Appeals Court Rules on Former VA Director’s Termination

In an early test of the new law designed to make it easier to fire DVA senior executives and to streamline the appeals process, the appeals court has handed down a significant ruling that presents a mixed bag.

In Helman v. Department of Veterans Affairs (CAFC No. 2015-3086, 5/9/17), the Federal Circuit Court of Appeals has handed down a significant decision that basically upholds the new DVA removal procedures, but finds unconstitutional that part of the law that in effect leaves the appeal decision entirely in the hands of an administrative law judge at the Merit Systems Protection Board (MSPB).

Until special rules were enacted for dealing with malfeasance by senior DVA officials, adverse actions followed the dictates of the Civil Service Reform Act of 1978 (5 USC 1101 et seq). Following the Congressional outrage over widespread problems at the DVA, a new law was enacted with the goal of making it easier to remove or transfer senior (SES) VA employees. (Veterans Access, Choice, and Accountability Act of 2014 (38 USC 713).

As the court explains, the new section 713 procedures differed from the Title 5 provisions in two basic ways. First, the Secretary of DVA may now remove or transfer an SES employee for poor performance with few protections….7 days to respond to notice rather than 30; no save pay in a new position to which executive is transferred; no administrative leave while action is pending; and no moratorium on taking action during first 120 days of new agency head taking over. (Opinion pp. 4-5)

Second, section 713 expedites the MSPB review process for appeals from such actions. … 7 days versus 30 to appeal to MSPB; MSPB required to refer all such appeals to an ALJ who has 21 days to issue a decision with no stays permitted; ALJ decision is final with no appeal to full Board or any further appeal; and no pay or benefits for the executive while the appeal is pending. (Opinion pp. 4-6)

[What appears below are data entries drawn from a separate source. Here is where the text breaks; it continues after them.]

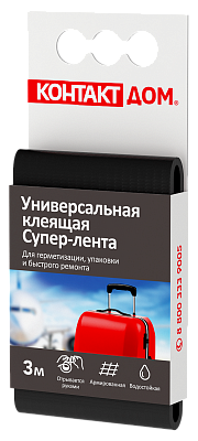Универсальная клеящая супер-лента "КОНТАКТ ДОМ", 3 м, черная 1/12/240
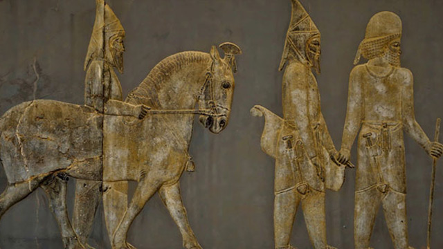 İran’ın Persepolis şehrindeki Apadana Sarayı'nda bulunan 2 bin 600 yıllık taş duvarlara yapılmış seyrek sakal, hafif yuvarlak surat ve çekik gözlü insan figürlerinin Türklere ait bilinen ilk görüntü olduğu değerlendiriliyor.
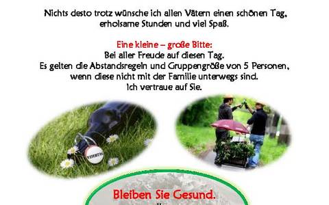 Der Vatertag ist in diesem Jahr wie so vieles anders als sonst. Nichts desto trotz wünsche ich allen Vätern einen schönen Tag, erholsame Stunden und viel Spaß. Eine kleine – große Bitte: Bei aller Freude auf diesen ... weiter...
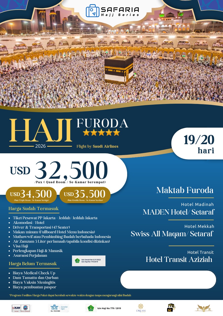 note : - Hari dan Tanggal bersifat estimasi menyesuaikan dengan ketersediaan tiket pesawat. - Program / Fasilitas / Harga Paket dapat berubah sewaktu-waktu dengan / tanpa mengurangi nilai ibadah - Tanggal Masehi dan Hijriah menyesuaikan dengan ketentuan pemerintah KSA.
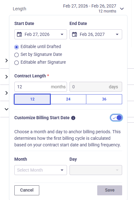 Note: Custom billing start dates are only available for new contracts, not renewals or amendments.
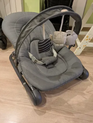 Hamaca Chicco Hoopla en color gris oscuro. Es una hamaca súper completa, cómoda y versátil que acompaña el crecimiento de tu bebé desde el primer día (embalada en su caja). Características principales: • Estado: En muy buen estado y lista para usar. • Evolutiva: Incluye el cojín reductor modular (en dos piezas) para que los recién nacidos estén bien recogidos y cómodos. • Arco de juegos: Incluye la barra con juguetes colgantes originales (un pajarito, un espejito y un elefante) diseñados para estimular el desarrollo táctil y visual. • Respaldo reclinable: Se puede ajustar en 4 posiciones diferentes para pasar del descanso al juego
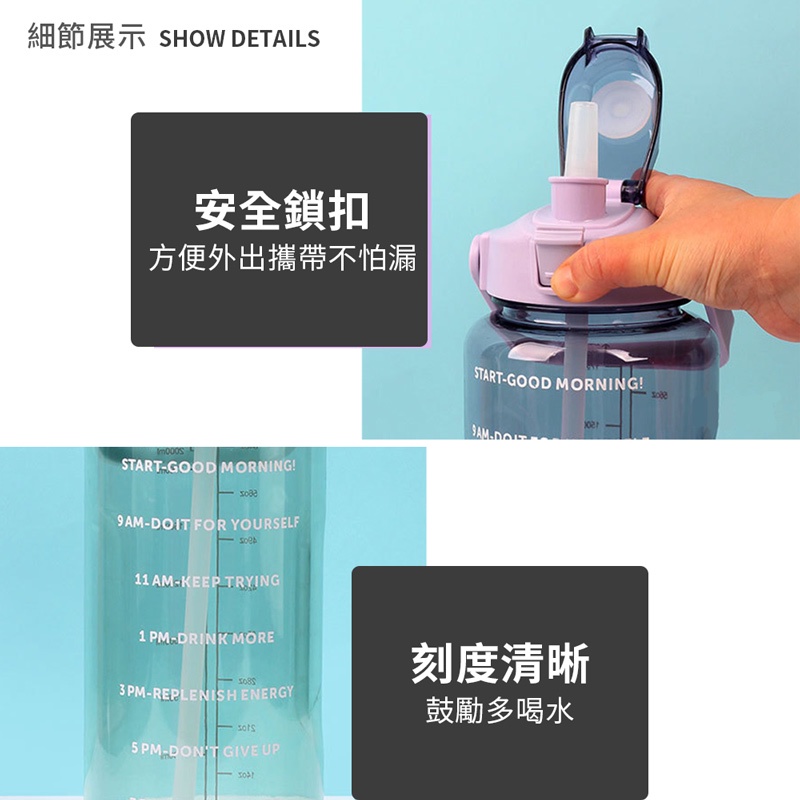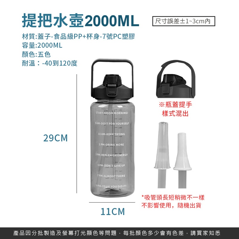 2公升提把水壶 2公升 2000ml 大容量 运动水壶 附吸管 健身用 附提把 外出携带【CC0312】
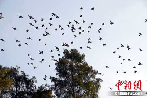 椋鸟群在汉可持续生活到12月份,视气温下降的情行,继续南迁。
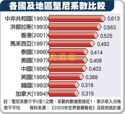 [2004-10-17] 各國及地區堅尼系數比較
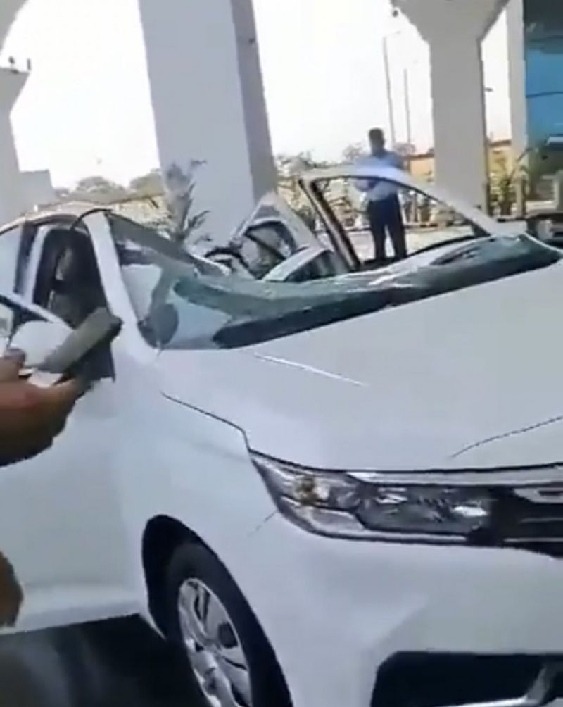A government car, which was parked underneath the canopy was damaged in the mishap, but no injuries were reported.
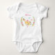 Personalised baby girl's bodysuit featuring a cute baby bunny and colourful floral wreath. Can be ordered in different sizes and styles. Made to match my Sweet Bunny Collection.
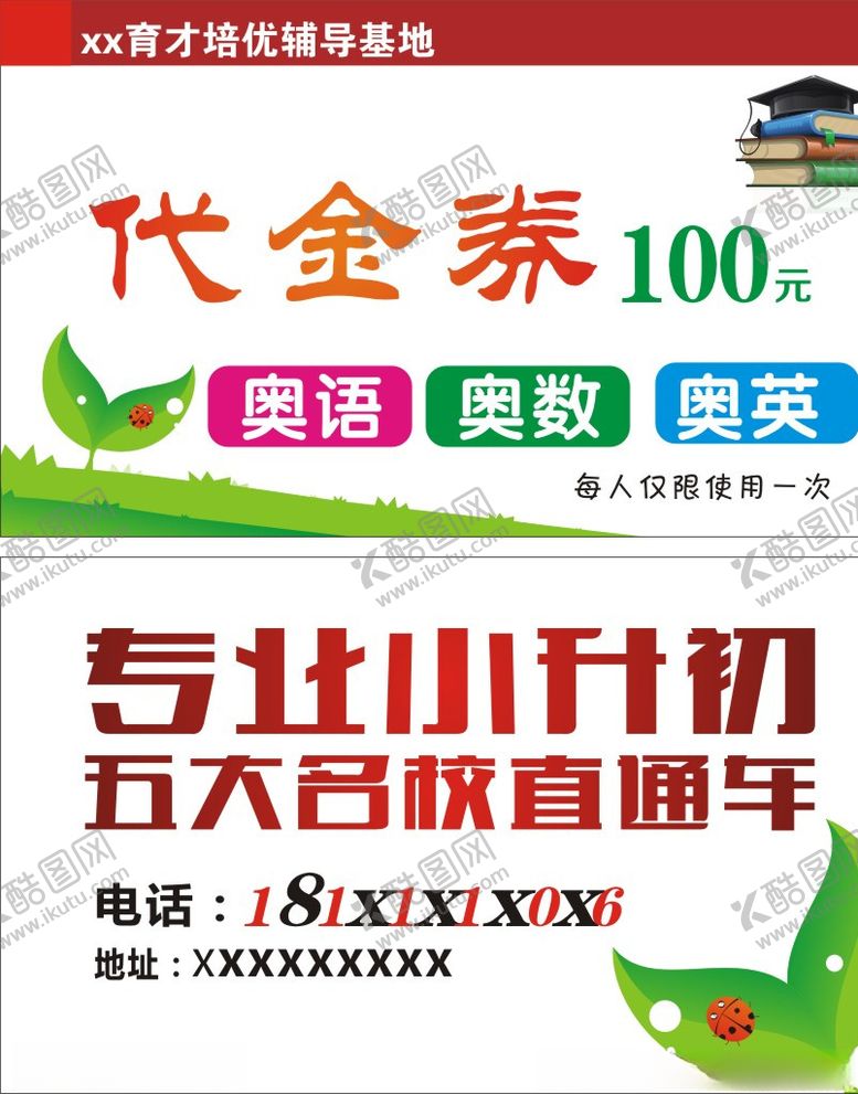像素,代金券是由平面广告设计师zhangyangyingzi上传,浏览本次作品的您可能还对教育代金券,辅导班代金券,培训代金券,培训机构代金,卡通代金券,试读代金券,儿童试读卡,试读体验券,儿童代金券,少儿代金券,考编培训班,教育现金券,代金券模版,幼师代金券,幼儿园代金券,托管班代金券,课外班代金券,辅导班现金券,成人考试班,代金券,现金券,抵现券,教育抵现券,教育抽奖券,书店代金券,平面广告,,平面广告感兴趣。
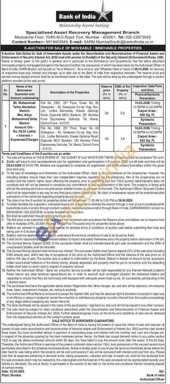 Flat No. 2302, 23rd Floor, Tower No. 28 (Sawgrass B), Sawgrass Co-op. Hsg. Soc. Ltd., Lodha Belmondo, Kiwale Gahunje Road, Opposite MCA Stadium, Off. Mumbai Pune Expressway Gahunje, Tal. Maval, District Pune -412101.
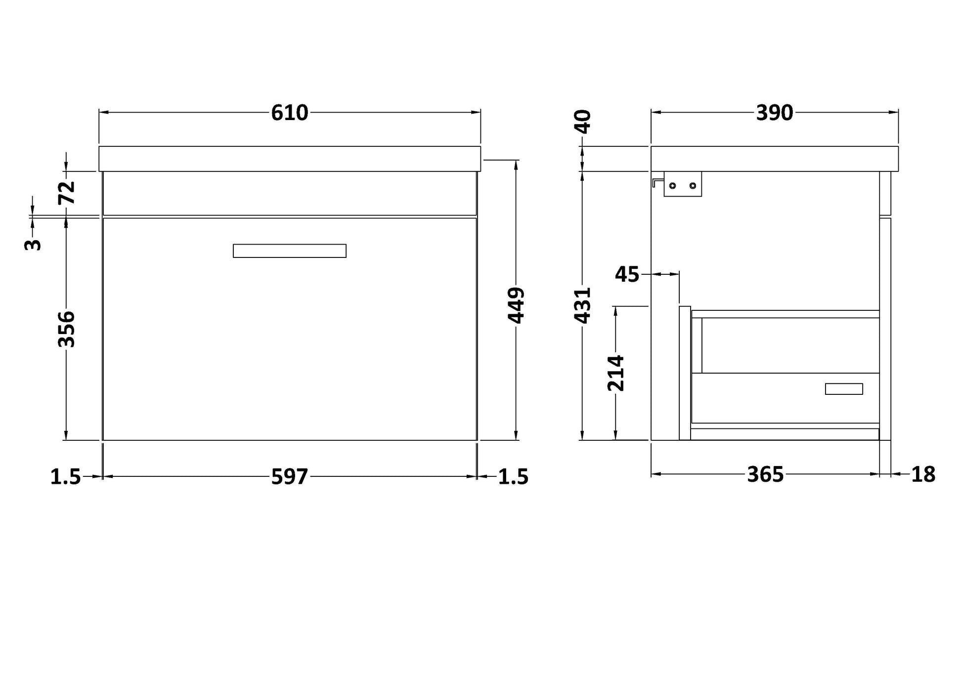 Nuie Athena 600mm Wall Hung Vanity Unit With Basin and Handle
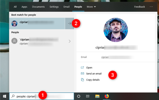 Windows 10 также может искать контакты, найденные в вашей адресной книге, в приложении «Люди». Если вы хотите выполнить такой поиск, нажмите или коснитесь Больше, а затем Люди или введите людей: в поле поиска на панели задач. Затем начните писать имя человека, которого вы ищете. После того, как результаты показаны, выберите интересующий вас контакт: на панели предварительного просмотра вы сможете увидеть фотографию этого человека, контактные данные и несколько ссылок для таких вещей, как отправка электронных писем или копирование его или ее данных, что обычно означает адрес электронной почты.

Shortly after this new law took effect, Ms. Sharon Helman, Director of the Phoenix Veterans Affairs Health Care System was removed following the new 713 procedures. She appealed to the MSPB and the Administrative Law Judge (ALJ), following the new expedited procedures mandated by 713, issued a decision finding the agency failed to prove the lack of oversight charge, but did prove the remaining charges. When Helman tried to take her case to the full MSPB, it informed her no further action would be taken in accordance with the new 713 procedures. (pp. 6-7)

On to the federal appeals court where Helman argued the new law was unconstitutional.

The first question addressed by the court was whether 713 took away the right of the court to review the case. The government and Helman argued, notwithstanding the law’s language that the ALJ decision would be final and unreviewable, that the court did have jurisdiction to review the constitutional claims, and the court agreed. (p. 8)

The snag in 713, as far as the appeals court has now ruled, is that by making the ALJ decision final and unreviewable by the MSPB, it violates the constitutional Appointments Clause because final, unreviewable decisions by a government official requires that the official be properly appointed an officer of the U.S. The government agreed in its argument to the court that an ALJ of the MSPB does not meet that test and therefore the law runs afoul of the Constitution. The government further argued that the remedy should be to surgically fix this flaw rather than find 713 in its entirety unconstitutional as Helman argued. The court sided with the government . Ruling that the “problematic portions of the statute are severable and, thus, the proper remedy … is to sever those portions of the statute and leave the remainder intact.” (p. 11)

In the end, the appeals court ruled that the decision to remove Helman and the ALJ decision sustaining her removal would stand. However, the court declared portions of 713 invalid insofar as banning review by the MSPB of the ALJ decision. In what amounts to a rewriting of the law, the court has send the case back to the Board, indicating that:

“Upon severing the offending portions of [section] 713, Board review of the administrative judges’ decisions is now permitted. Accordingly, the appropriate relief here is to remand to the Board for its review of the administrative judge’s decision affirming Ms. Helman’s removal.” (pp. 31-31)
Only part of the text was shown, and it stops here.